You are what you eat. It turns out that you also are what your great-great-great-great-grandmother ate. In particular, some DNA has changed a lot in the past thousand years depending on what people ate. So people who live in different parts of the world with different diets will have different food-processing DNA regions. A new study demonstrates that this has a lot to do with how much vegetables and meat you eat. People from Europe, especially Southern Europe, are suited for a diet with lots of plants. In contrast, people from other regions, such as the Inuit of Greenland, process lots of animal fat better.
To your health
UC Berkeley professor Rasmus Nielsen and his colleagues analyzed hundreds of genomes from people alive today. They compared them to DNA from 101 people who lived in Europe during the Bronze Age, 5000 years ago. They found two gene regions that have changed a lot depending on where people lived and what they ate. These genes are called “fatty acid desaturase 1 and 2” (FADS1 and 2). The FADS genes control how humans convert short-chain poly-unsaturated fatty acids (PUFAs) into long-chain PUFAs. These long-chain fatty acids are crucial to maintain healthy brain, muscle, and visual tissue, as well for immune responses.

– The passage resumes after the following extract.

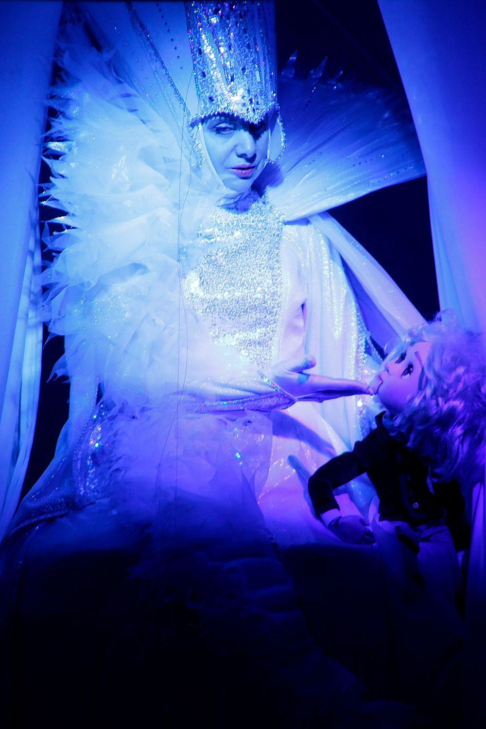 «В большом городе, где столько домов и людей, что не всем и каждому удается отгородить себе хоть маленькое местечко для садика, жили двое бедных детей — Кай и Герда. Они не были в родстве, но любили друг друга, как брат и сестра». Однажды, осколки зеркала троллей, попавшие Каю в глаза и сердце, сделали его холодным и бесчувственным. Ослепленный величественной красотой Снежной Королевы, он отправился с ней во дворец, позабыв маленькую Герду. Куклы и артисты театра расскажут вдохновляющую историю о любви, чистой и искренней, ради которой Герда обошла весь свет в поисках своего названного братца.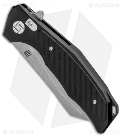 - Black aluminum handle with black G-10 inlay and carbon fiber texture.

A diet with more vegetables and grains produces more short-chain PUFAs. To get the amount of long-chain PUFAs necessary for the body to function well, the FADS genes in Europeans from the Bronze Age evolved to produce more of them. A diet with more meat produces long-chain PUFAs. Therefore it’s not necessary to produce more of them. Indeed, Inuits produce fewer long-chain PUFAs. Their diet is full of fat from seals and fish.
In South Asia, the inhabitants have also evolved for a mostly plant-based diet but with different parts of the same gene. Africans have evolved for a more meat diet, possibly due to the regular hunting of large animals approximately 50 thousand years ago.
Farmer’s life
The European variant of the FADS gene could be due to the switch to a farming lifestyle. When Europeans started eating a lot of wheat and vegetables, they suddenly ate a lot more of the short-chain PUFAs. People who could convert short-chain PUFAs into long-chain PUFAs efficiently were more likely to survive because they were healthier. Their genes were passed on to the next generation. In this way, there was evolutionary selection for being able to process a plant-based diet better.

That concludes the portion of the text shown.